Your assignment: Each line below needs to be returned exactly. Skip any picture.

Supplied information:
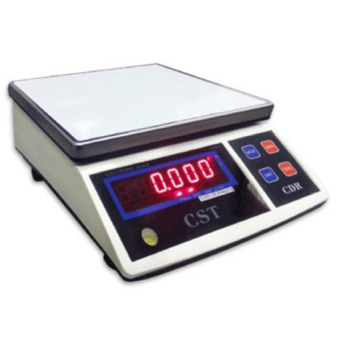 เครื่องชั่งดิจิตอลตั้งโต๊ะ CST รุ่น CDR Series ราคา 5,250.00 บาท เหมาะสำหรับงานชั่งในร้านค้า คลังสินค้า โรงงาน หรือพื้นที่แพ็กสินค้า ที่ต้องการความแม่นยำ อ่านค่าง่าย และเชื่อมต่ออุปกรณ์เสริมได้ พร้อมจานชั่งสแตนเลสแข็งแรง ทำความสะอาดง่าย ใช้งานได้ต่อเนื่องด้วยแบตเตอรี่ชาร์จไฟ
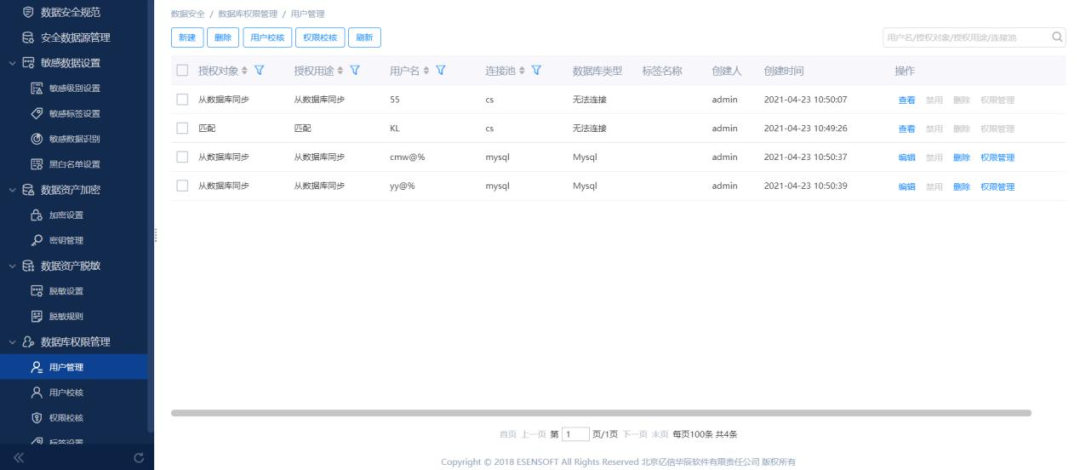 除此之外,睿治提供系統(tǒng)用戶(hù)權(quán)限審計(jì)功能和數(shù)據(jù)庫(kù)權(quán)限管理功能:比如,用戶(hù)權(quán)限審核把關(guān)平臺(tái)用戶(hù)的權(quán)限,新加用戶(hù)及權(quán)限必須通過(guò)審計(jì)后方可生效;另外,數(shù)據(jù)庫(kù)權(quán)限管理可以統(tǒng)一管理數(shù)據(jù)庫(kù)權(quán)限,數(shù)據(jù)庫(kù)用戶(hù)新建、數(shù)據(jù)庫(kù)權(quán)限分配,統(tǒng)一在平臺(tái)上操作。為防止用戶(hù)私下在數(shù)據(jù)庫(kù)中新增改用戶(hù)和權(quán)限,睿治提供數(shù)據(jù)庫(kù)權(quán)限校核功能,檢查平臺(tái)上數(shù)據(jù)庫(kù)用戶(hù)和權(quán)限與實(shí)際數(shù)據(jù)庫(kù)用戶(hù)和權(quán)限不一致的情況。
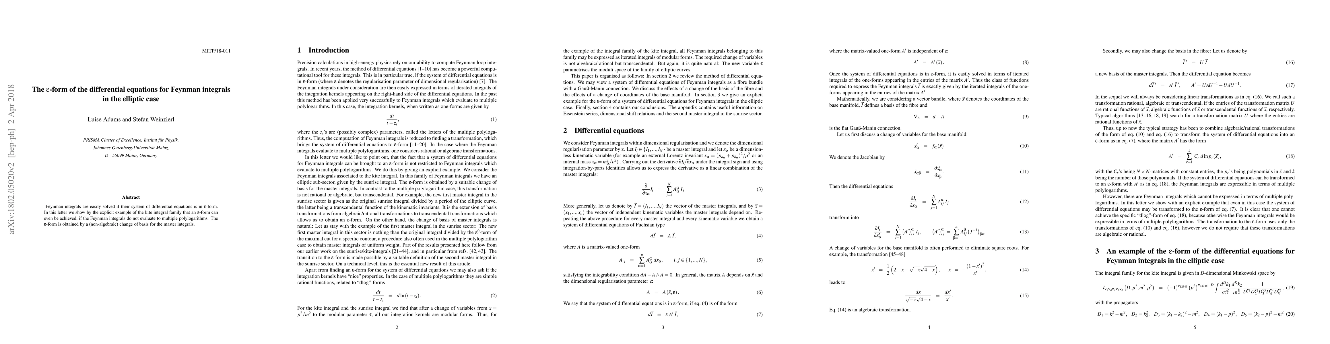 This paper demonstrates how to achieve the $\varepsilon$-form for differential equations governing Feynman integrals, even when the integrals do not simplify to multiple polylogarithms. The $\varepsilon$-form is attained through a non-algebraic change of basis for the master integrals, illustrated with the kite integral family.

Answer section:
 เครื่องชั่งดิจิตอลตั้งโต๊ะ CST รุ่น CDR Series ราคา 5,250.00 บาท เหมาะสำหรับงานชั่งในร้านค้า คลังสินค้า โรงงาน หรือพื้นที่แพ็กสินค้า ที่ต้องการความแม่นยำ อ่านค่าง่าย และเชื่อมต่ออุปกรณ์เสริมได้ พร้อมจานชั่งสแตนเลสแข็งแรง ทำความสะอาดง่าย ใช้งานได้ต่อเนื่องด้วยแบตเตอรี่ชาร์จไฟ
 除此之外,睿治提供系統(tǒng)用戶(hù)權(quán)限審計(jì)功能和數(shù)據(jù)庫(kù)權(quán)限管理功能:比如,用戶(hù)權(quán)限審核把關(guān)平臺(tái)用戶(hù)的權(quán)限,新加用戶(hù)及權(quán)限必須通過(guò)審計(jì)后方可生效;另外,數(shù)據(jù)庫(kù)權(quán)限管理可以統(tǒng)一管理數(shù)據(jù)庫(kù)權(quán)限,數(shù)據(jù)庫(kù)用戶(hù)新建、數(shù)據(jù)庫(kù)權(quán)限分配,統(tǒng)一在平臺(tái)上操作。為防止用戶(hù)私下在數(shù)據(jù)庫(kù)中新增改用戶(hù)和權(quán)限,睿治提供數(shù)據(jù)庫(kù)權(quán)限校核功能,檢查平臺(tái)上數(shù)據(jù)庫(kù)用戶(hù)和權(quán)限與實(shí)際數(shù)據(jù)庫(kù)用戶(hù)和權(quán)限不一致的情況。
 This paper demonstrates how to achieve the $\varepsilon$-form for differential equations governing Feynman integrals, even when the integrals do not simplify to multiple polylogarithms. The $\varepsilon$-form is attained through a non-algebraic change of basis for the master integrals, illustrated with the kite integral family.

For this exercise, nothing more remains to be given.